## Task item
Each record below is to be output unchanged, and any picture is to be dropped.

[Data items]
[Start of Attachment]

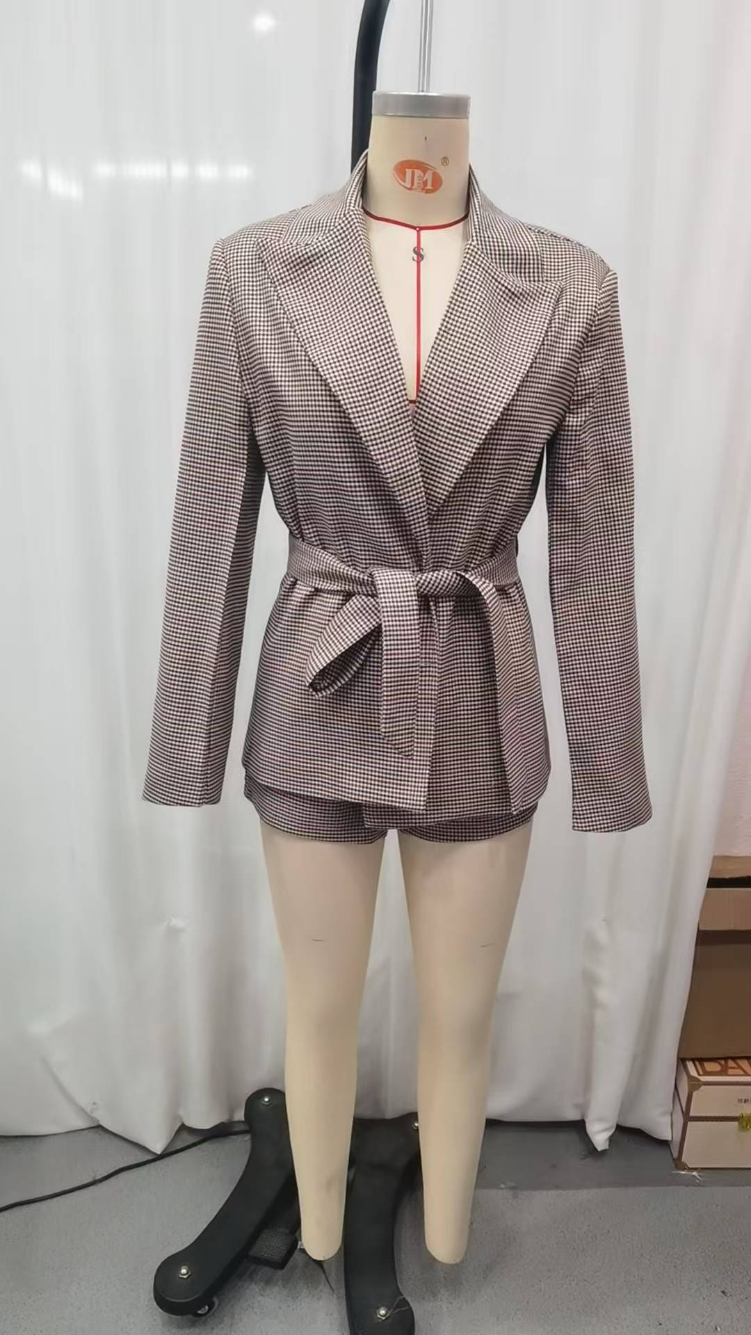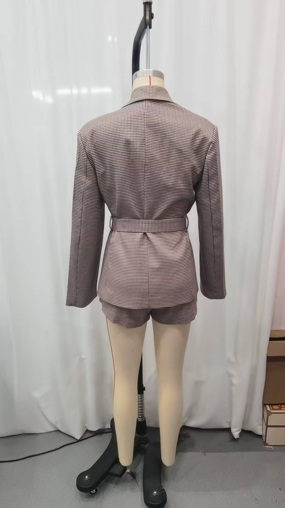 2025年早秋新品跨境速卖通爆款时尚气质千鸟格西装外套短裤套装
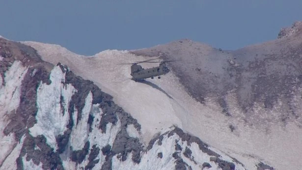 Phi công Chinook đã mạo hiểm giải cứu chàng trai bằng cách chỉ đáp phần đuôi trực thăng xuống mặt đất. "Cú hạ cánh mũi nhọn" này diễn ra trên đỉnh Hood cao hơn 3.000 m, trong khi phần còn lại của chiếc trực thăng vẫn đang lơ lửng trên không trung.
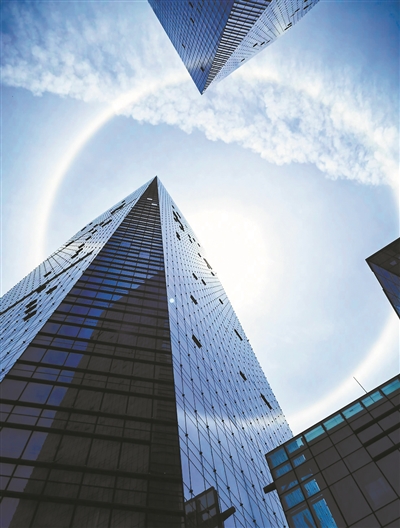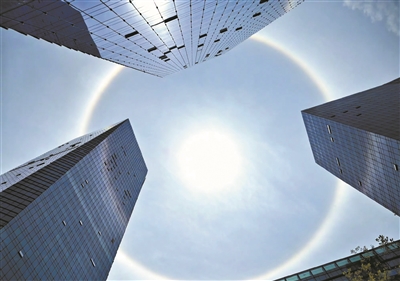 据悉,日晕现象一般出现在春夏季节。虽然少见,但并非奇异现象。专家解释,这是由于在5000米到6000米的高空中,出现了由冰晶构成的卷层云,云层中冰晶含量越大,阳光产生折射后,所呈现的“日晕”形状就会越小,光环也就越显著,更容易让人观察到。反之则无法形成“日晕”,或者即使形成也无法清楚地让人眼观测到。
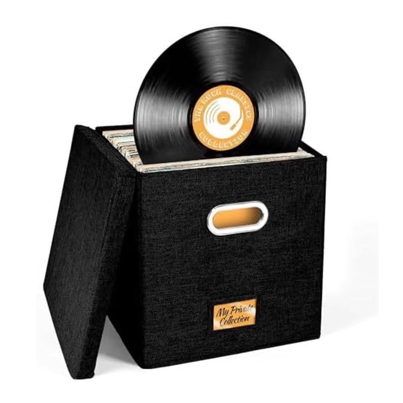 BQKOZFIN レコードケース ビニールレコード保管ボックス 長さ34.5 x 幅34 x 高い34cm 12インチ LPレコード用収納ボックス蓋付き LP盤約70枚収納可能 防塵 (ブラック)
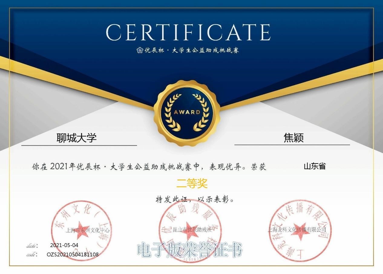 mk体育员工焦颖在2021年优辰杯·老员工公益助残挑战赛中荣获二等奖,她用才智和学识取得了此次收获,在此对焦颖致以最真挚的祝贺。
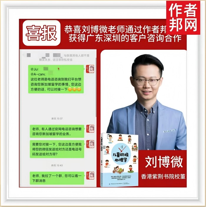 在知识经济蓬勃发展的今天,跨界合作已成为推动行业发展的重要力量。近日,卓盈资本合伙人、香港紫荆书院校董、畅销书作者刘博微老师通过作者邦平台成功获得了广东深圳的客户咨询合作,这一合作不仅展现了刘博微老师在多个领域的深厚影响力,也体现了作者邦平台在促进作者与企业之间合作方面的卓越能力。

[End of Attachment]

## Exercise answer
 2025年早秋新品跨境速卖通爆款时尚气质千鸟格西装外套短裤套装
 Phi công Chinook đã mạo hiểm giải cứu chàng trai bằng cách chỉ đáp phần đuôi trực thăng xuống mặt đất. "Cú hạ cánh mũi nhọn" này diễn ra trên đỉnh Hood cao hơn 3.000 m, trong khi phần còn lại của chiếc trực thăng vẫn đang lơ lửng trên không trung.
 据悉,日晕现象一般出现在春夏季节。虽然少见,但并非奇异现象。专家解释,这是由于在5000米到6000米的高空中,出现了由冰晶构成的卷层云,云层中冰晶含量越大,阳光产生折射后,所呈现的“日晕”形状就会越小,光环也就越显著,更容易让人观察到。反之则无法形成“日晕”,或者即使形成也无法清楚地让人眼观测到。
 BQKOZFIN レコードケース ビニールレコード保管ボックス 長さ34.5 x 幅34 x 高い34cm 12インチ LPレコード用収納ボックス蓋付き LP盤約70枚収納可能 防塵 (ブラック)
 mk体育员工焦颖在2021年优辰杯·老员工公益助残挑战赛中荣获二等奖,她用才智和学识取得了此次收获,在此对焦颖致以最真挚的祝贺。
 在知识经济蓬勃发展的今天,跨界合作已成为推动行业发展的重要力量。近日,卓盈资本合伙人、香港紫荆书院校董、畅销书作者刘博微老师通过作者邦平台成功获得了广东深圳的客户咨询合作,这一合作不仅展现了刘博微老师在多个领域的深厚影响力,也体现了作者邦平台在促进作者与企业之间合作方面的卓越能力。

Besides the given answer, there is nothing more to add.